Dear Readers,
A happy new year (well, one can only hope).
The Public Inquiry into Foreign Interference (PIFI) is scheduled to issue its final report later this month (exact date TBD). There will be a press conference and a media lockdown so that frantic reading of what might be a door-stopper can take place. I plan to be there and will report out.
In the meantime, those interested might want to have a look at the submission presented by my colleague, Aaron Shull, and myself on behalf of the Centre for International Governance Innovation (which had standing in the policy phase of the Inquiry). The quick read would involve the 14 recommendations advanced at the outset of the report, which you can find here:
https://www.cigionline.org/publications/final-submission-to-the-public-inquiry-into-foreign-interference-in-federal-electoral-processes-and-democratic-institutions-in-canada/
It represents our wish-list for ways that the government’s capacity to “detect, deter and counter” foreign interference might be strengthened in future.
Even before the release of the PIFI final report, attention will turn to the prospect of foreign interference meddling in the Liberal Party of Canada leadership contest (sprint).
Please stay tuned for some thoughts on that.
I like this report. It has valuable advice on a number of issues. There are, however, some related fundamental issues to be highlighted here, regrettably in outline, because a time and space are not available for more fulsome reviews.
Intelligence is not a separate or distinct capability apart from national security work. So,
"Intelligence" should be removed from the general idea/term of "national security and intelligence." National Security is the overall paramount framework and intelligence is an embedded capacity (or should be) within all components with a national security role. Every minister should have an ADM Intelligence.
National Security is a consequent circumstance. Intelligence is an enabling capacity that assists in the achievement of a state of national security by relevant authorities. So, while agreeing generally with CIGI Recommendation 6, calling for an independent expert review, it should be a review of the entire "National Security System," within which the "national security intelligence enterprise" would be a central subject, or line of investigation.
There is a similar argument to be made for removing "intelligence" from the title of the NSIA, in favour of a more appropriate title of "National Security Advisor." If NSAs don't know how important intelligence is, the problem is bigger than simply adding a word to their title.

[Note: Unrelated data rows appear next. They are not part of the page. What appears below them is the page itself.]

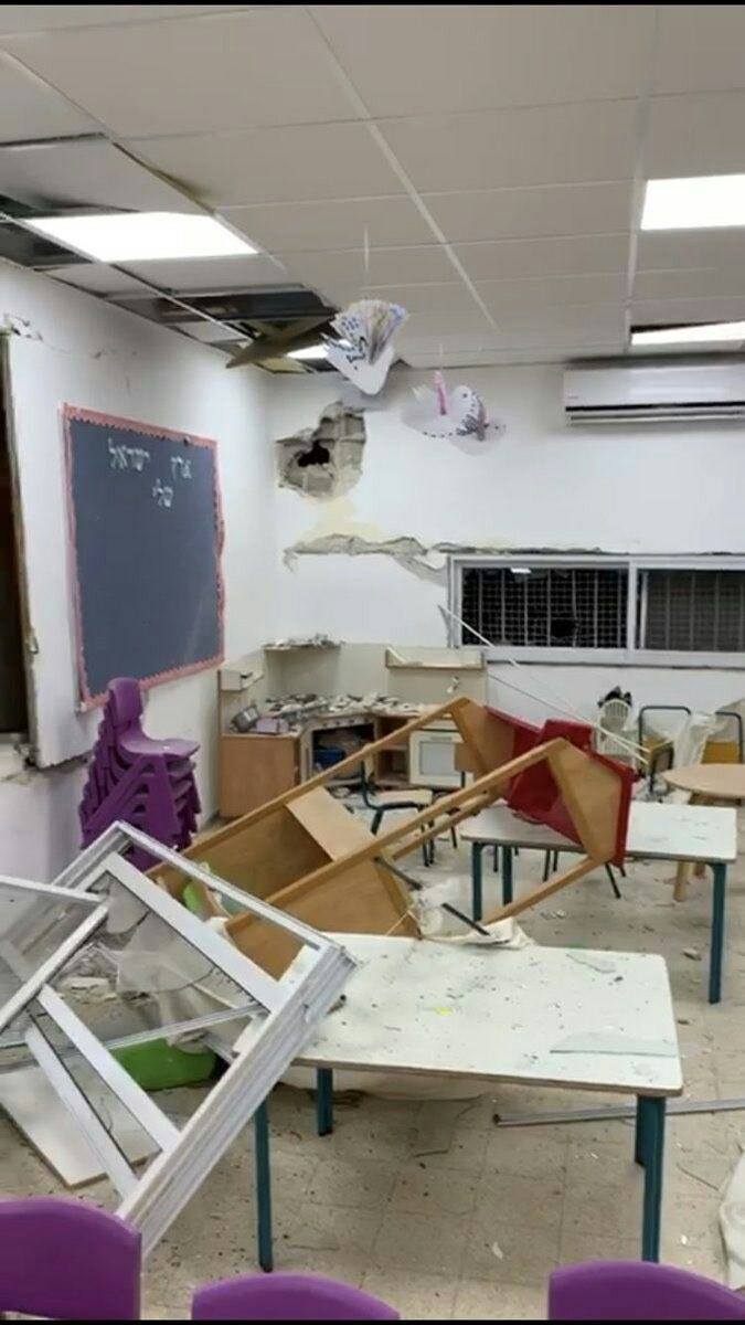 This kindergarten in Sderot suffered a direct rocket hit on Shabbat. The writing on the blackboard says: “My Eretz Israel.” |
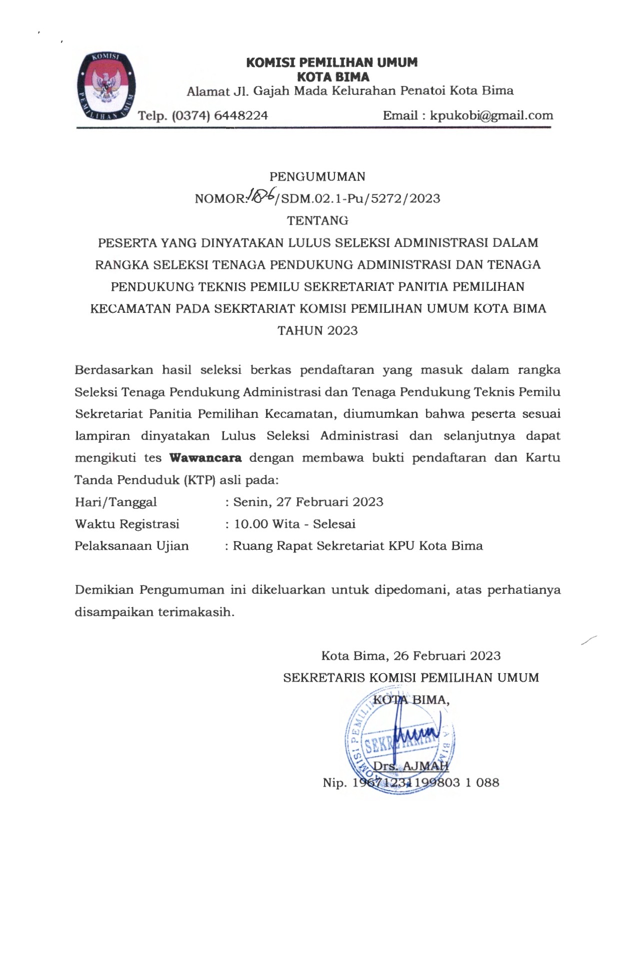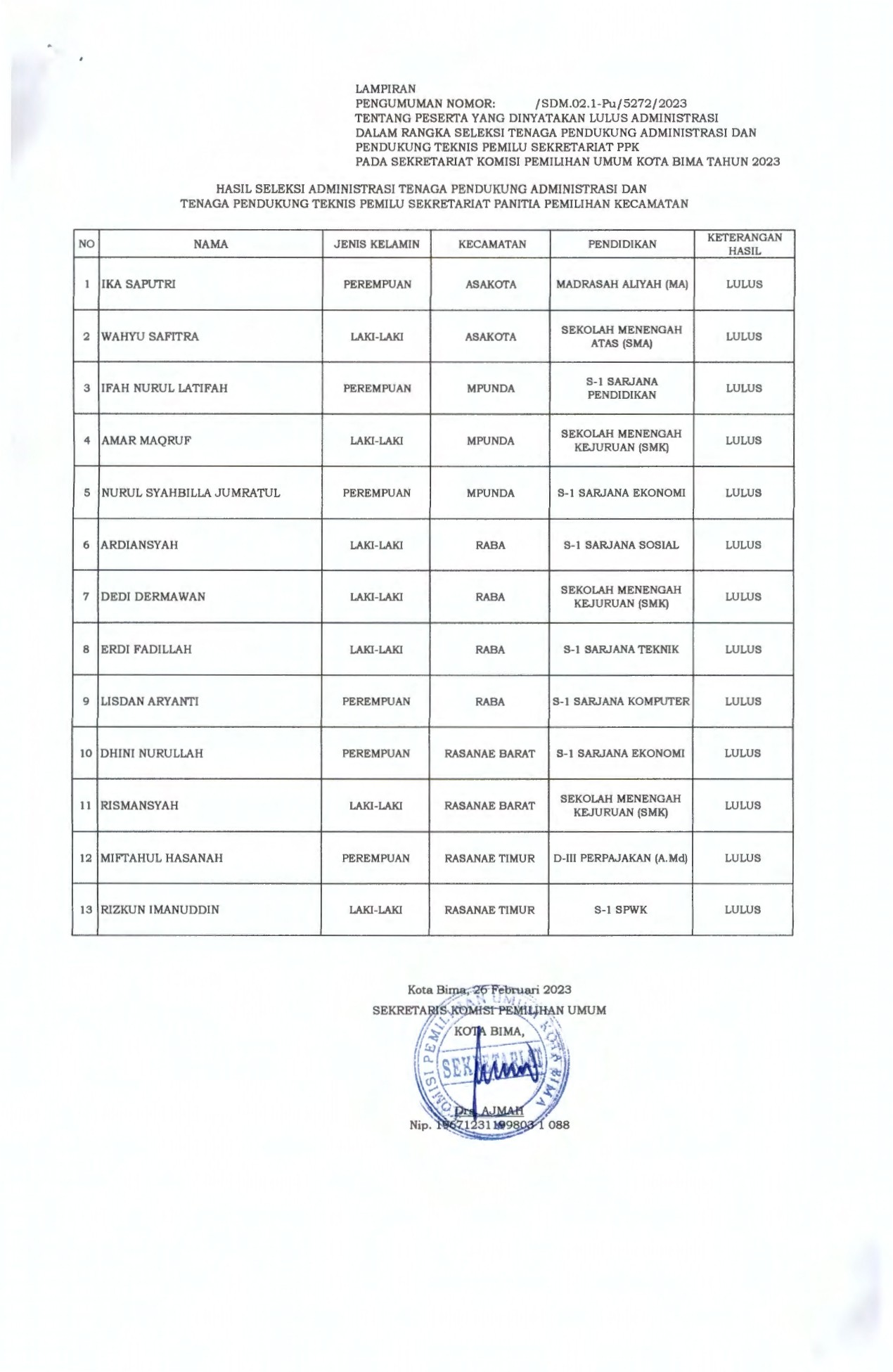 PENGUMUMAN KELULUSAN SELEKSI ADMINISTRASI TENAGA PENDUKUNG TEKNIS DAN ADMINISTRASI PADA SEKRETARIAT PPK
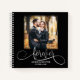 Guests can sign their best wishes, even add instant photos in this elegant spiral-bound guest book featuring the word forever in a beautiful script, your favourite photo with an inside border of any colour, we show black, and any background colour, we show black. Your name, date and any other info in chic lettering. CHOOSE HARD or SOFT cover and the STYLE PAGES you want inside.
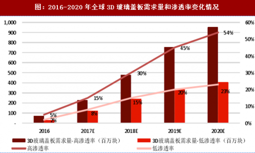 图:2016-2020年全球3d玻璃盖板需求量和渗透率变化情况
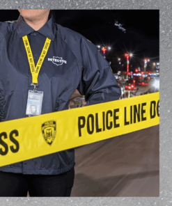 This sturdy, bright yellow lanyard printed on both sides with “CRIME SCENE DO NOT CROSS” in black letters.

While much has been said about the need for an overall, omnibus National Security Strategy (NSS), there must first be common understanding and acceptance of the overall policy-grand strategy-strategy framework, within which any NSS must be nested. An NSS should be derived from a higher National Security Grand Strategy (NSGS), which engages and mobilizes all elements of national power, identifies grand strategic objectives (the attainment of which are necessary to achieve policy goals (the lack of a true National Security Policy is a story for another time), identifies strategic resourcing/capacity priorities, and legislates principal responsibilities (i.e. lead ministers).
With a true NSGS in hand, a subordinate NSS can be derived providing every department with a role to play in attaining national security that should be defined in a true NSGS. Even Heritage Canada has an important national security role - whether they know it or not.
Production of the NSGS should be a principal responsibility of the National Security Council. It should be published under their logo (whatever it is) and signed by the Prime Minister. While the NSA (see above) in undoubtedly the 'principal national security staff officer of cabinet,' and should do the heavy lifting of relevant staff work, the NSA should not be 'responsible' for the NSGS. Elected leaders must bear that high responsibility.
This leads me to another general thought that there seems to be (not only in this CIGI report, but elsewhere too) a general tendency to call for independent bodies to do what Ministers and other elected officials should be doing. Principal targets here are the Ministers of Public Safety, National Defence, and Foreign Affairs. We might add the Ministers of other important departments with national security impact, like Transport Canada, ISED, Immigration etc. are also a focus. Why are they not the ones telling the public what the public needs to know? If we need a growing number of independent bodies to hold appointed elected officials to account, we've got the wrong elected officials holding positions of responsibility. Where is the responsibility of opposition parties in all this?
Finally, I wholeheartedly agree with CIGI points about educating parliamentarians and political party officials about national security matters in general. My 'average joe' view is that parties have blatantly put their own interests ahead of national interests, mainly because they don't understand the acute nature of geopolitics today and the real threats facing Canada. They have no fighting spirit. It is interesting to note that while many senior public service leaders require academic or professional credential to occupy high posts in departments like Justice, Global Affairs, National Defence, Finance, etc., there seem to be no requirements for advanced degrees or professional designations in national security organizations. While most practitioners know how to 'do' intelligence, virtually none are educated 'about' intelligence.
I could go on....
Great report. Very disappointing that NSICOP had "overreached their allegations." (CSIS had to correct some factual and contextual errors in the NSICOP assessment). Considering Juvenal's oft quoted “Who guards the guards?" we must have a higher rigour and more measured conclusions from our parliamentary review.